Action item:
In the material below, print every line exactly and omit the pictures.

Given material:
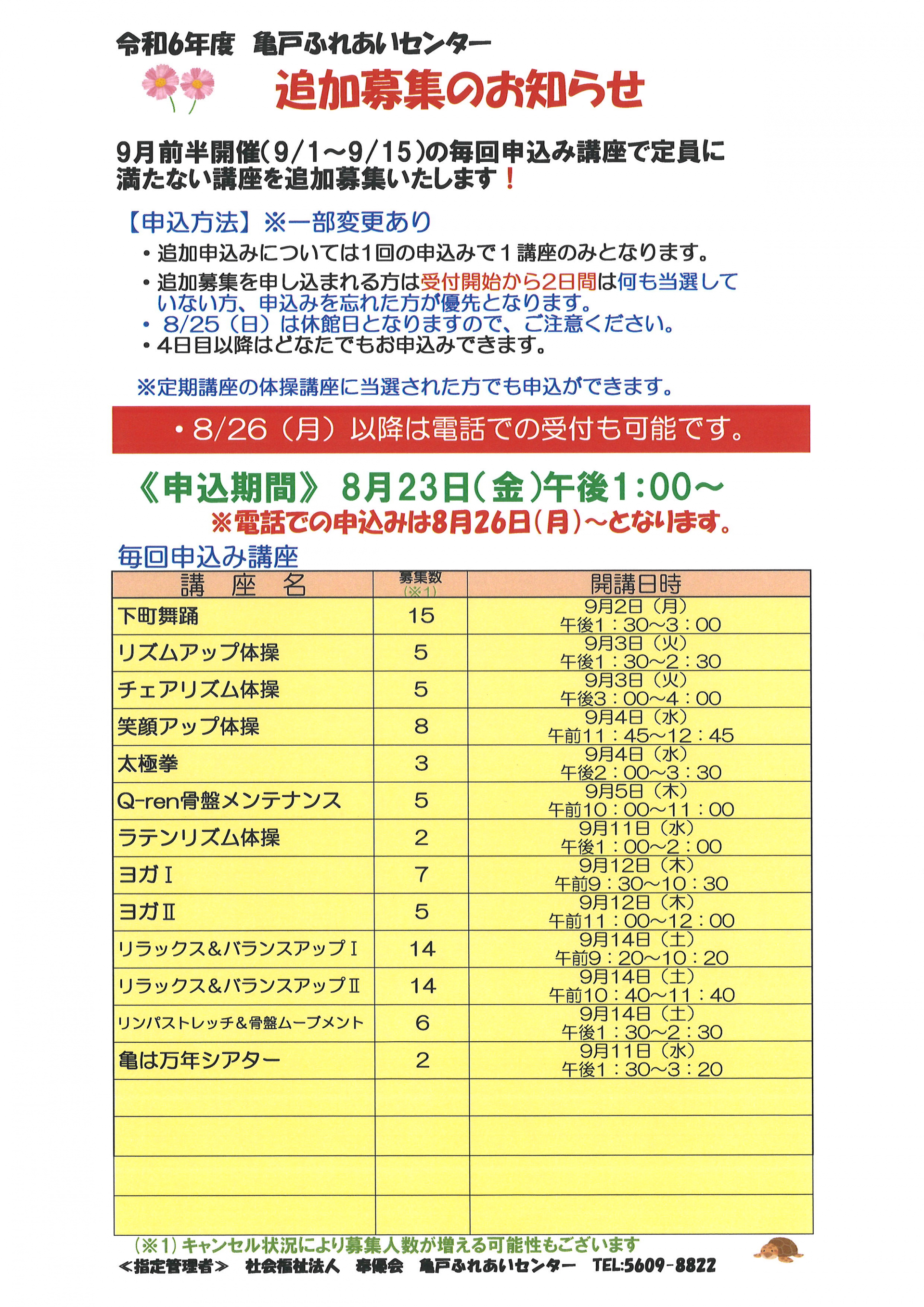 9月前半開催の毎回申込講座で定員に満たなかった講座の追加募集を行います。追加募集する講座は以下の講座となります。
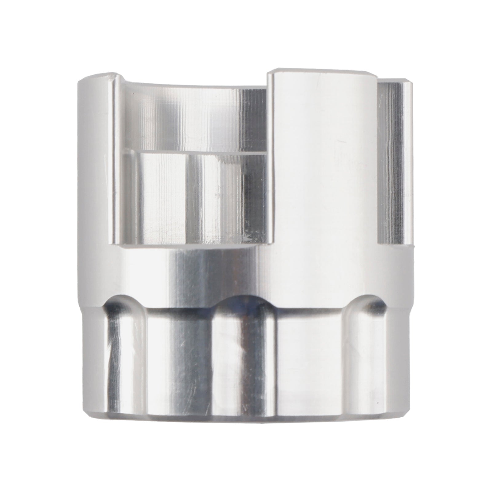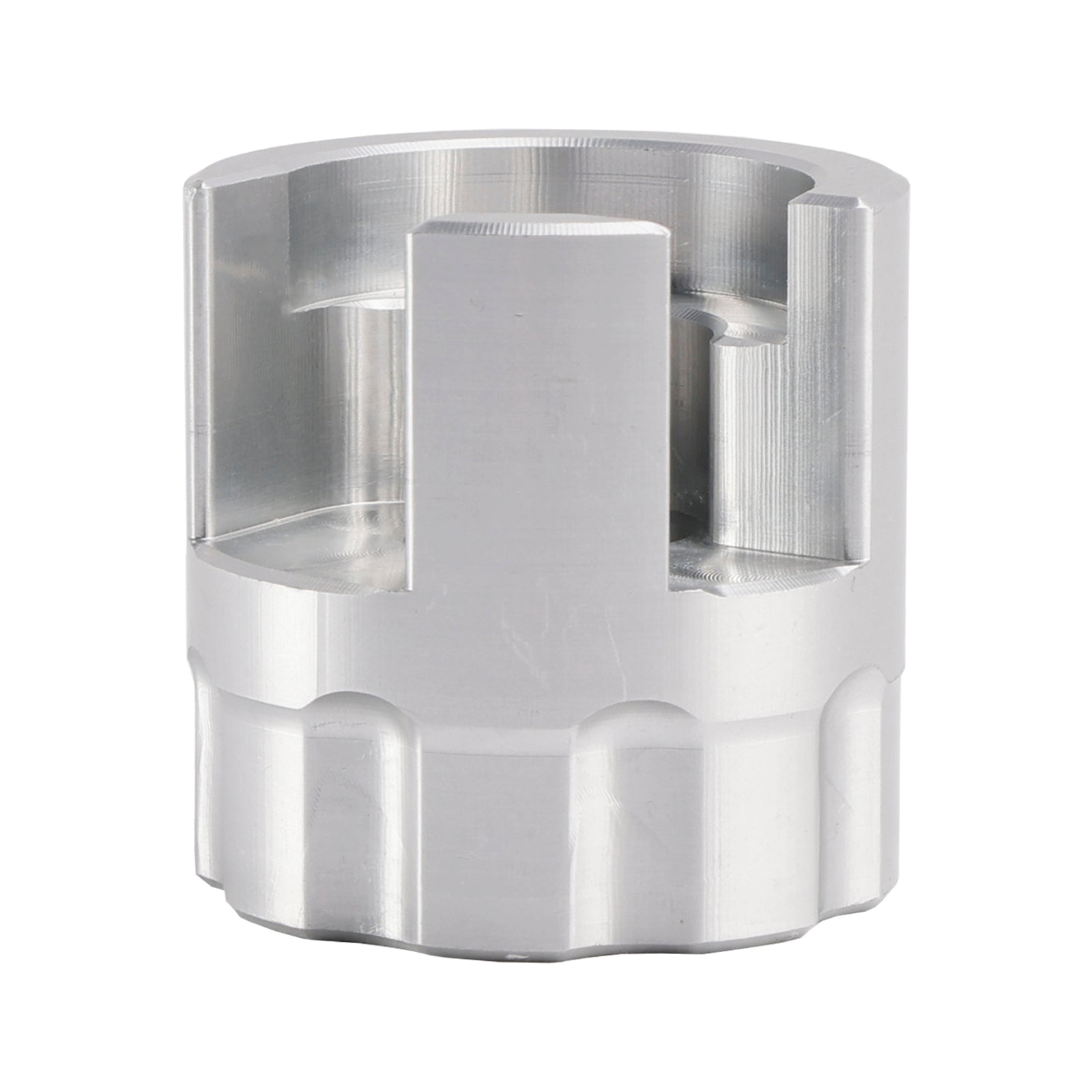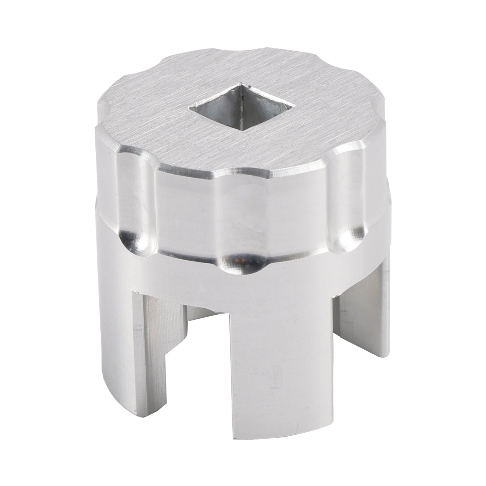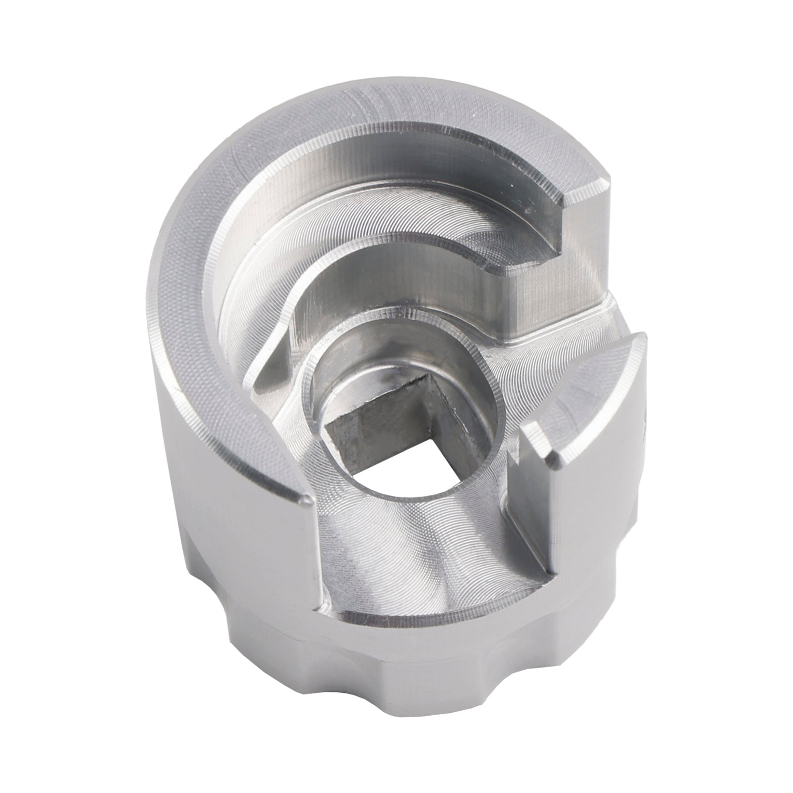 This is CNC machined for a precision fit out of 6061 aluminum. It has a 3/8" square drive hole. The socket is a raw machined finish.
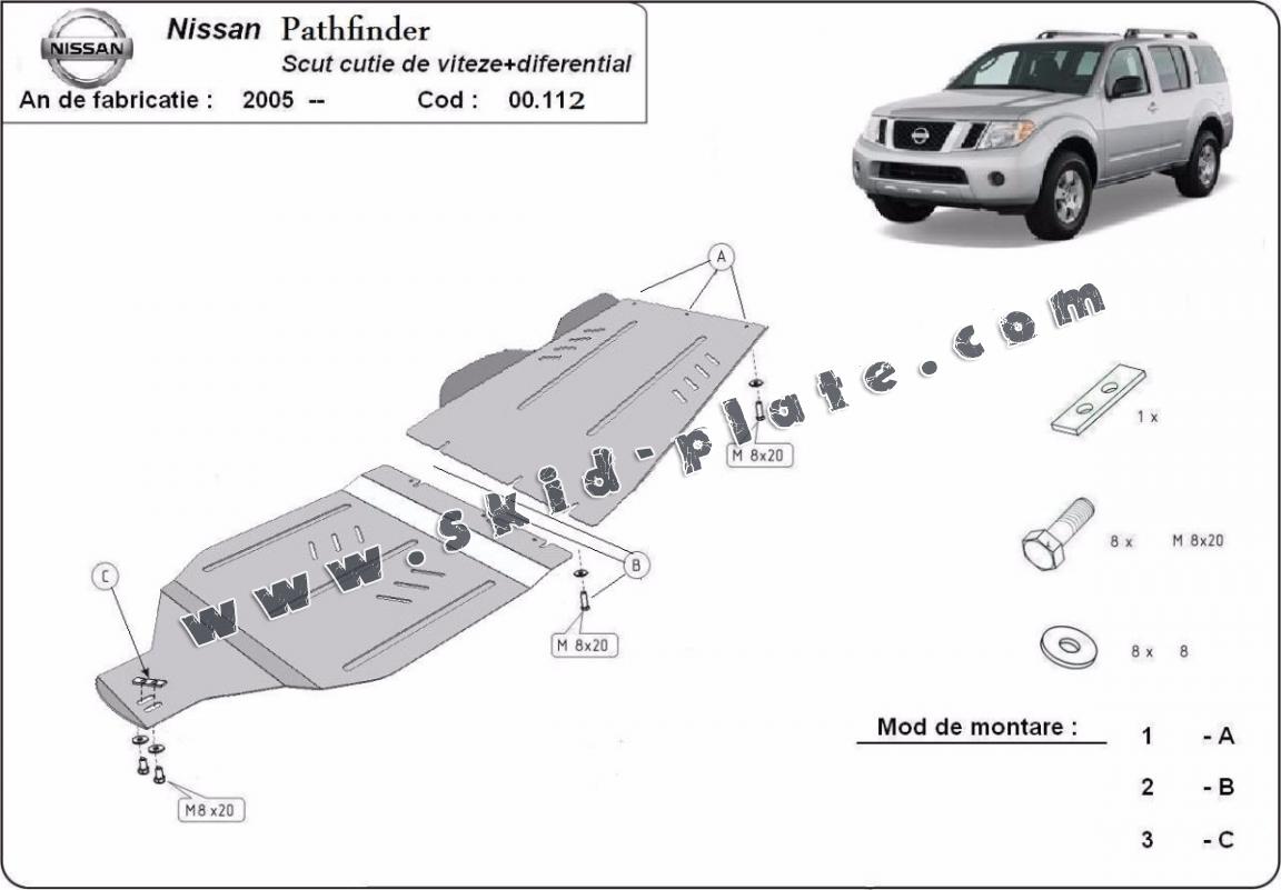 Steel gearbox and differential skid plate for Nissan Pathfinder (2005-2015)
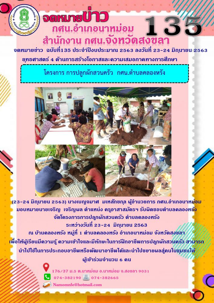 (23-24 มิถุนายน 2563) นางเบญจมาศ มเหสักขกุล ผู้อำนวยการ กศน.อำเภอนาหม่อม มอบหมายนายเจริญ เจริญผล ตำแหน่ง ครูอาสาสมัครฯ รับผิดชอบตำบลคลองหรังจัดโครงการการปลูกผักสวนครัว

Output of the task:
 9月前半開催の毎回申込講座で定員に満たなかった講座の追加募集を行います。追加募集する講座は以下の講座となります。
 This is CNC machined for a precision fit out of 6061 aluminum. It has a 3/8" square drive hole. The socket is a raw machined finish.
 Steel gearbox and differential skid plate for Nissan Pathfinder (2005-2015)
 (23-24 มิถุนายน 2563) นางเบญจมาศ มเหสักขกุล ผู้อำนวยการ กศน.อำเภอนาหม่อม มอบหมายนายเจริญ เจริญผล ตำแหน่ง ครูอาสาสมัครฯ รับผิดชอบตำบลคลองหรังจัดโครงการการปลูกผักสวนครัว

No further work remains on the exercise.